* [DATASET RECORDS]:
◇ ◇ ◇ ◇ ◇ ◇ ◇

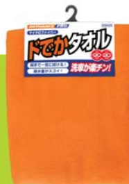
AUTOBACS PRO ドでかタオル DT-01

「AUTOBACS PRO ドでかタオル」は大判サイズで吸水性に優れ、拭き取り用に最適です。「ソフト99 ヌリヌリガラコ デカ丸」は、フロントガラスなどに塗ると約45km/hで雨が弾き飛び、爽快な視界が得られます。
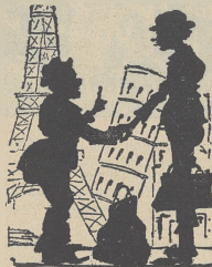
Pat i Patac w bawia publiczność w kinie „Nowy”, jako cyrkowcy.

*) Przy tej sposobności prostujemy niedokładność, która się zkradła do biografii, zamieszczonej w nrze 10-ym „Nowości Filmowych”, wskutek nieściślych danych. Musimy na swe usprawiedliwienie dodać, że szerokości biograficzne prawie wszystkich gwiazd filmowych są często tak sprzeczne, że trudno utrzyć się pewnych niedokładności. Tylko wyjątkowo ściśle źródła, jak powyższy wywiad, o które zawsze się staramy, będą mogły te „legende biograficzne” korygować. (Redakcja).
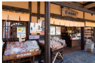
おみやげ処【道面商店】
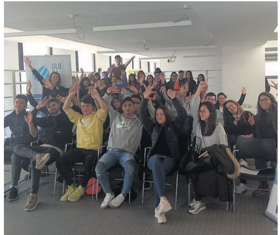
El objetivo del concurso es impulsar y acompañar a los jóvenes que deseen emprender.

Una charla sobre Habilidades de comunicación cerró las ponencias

◇ ◇ ◇ ◇ ◇ ◇ ◇

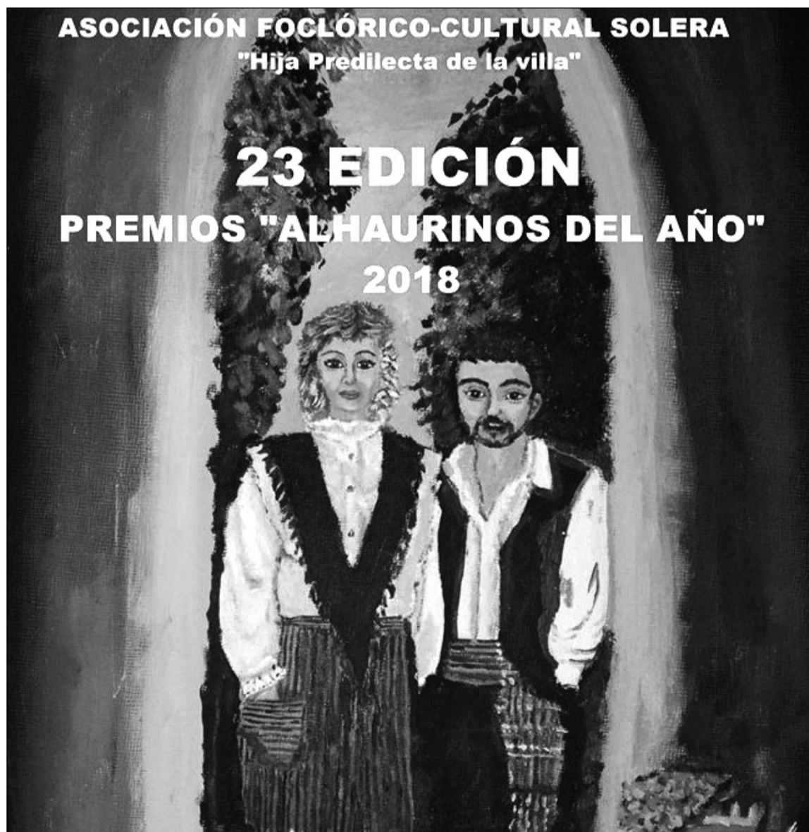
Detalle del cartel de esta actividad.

◇ ◇ ◇ ◇ ◇ ◇ ◇

* [PROBLEM STATEMENT]: Every line where "ドでかタオル" appears must be returned from the listing above.

* [EXERCISE RESPONSE]:
AUTOBACS PRO ドでかタオル DT-01
「AUTOBACS PRO ドでかタオル」は大判サイズで吸水性に優れ、拭き取り用に最適です。「ソフト99 ヌリヌリガラコ デカ丸」は、フロントガラスなどに塗ると約45km/hで雨が弾き飛び、爽快な視界が得られます。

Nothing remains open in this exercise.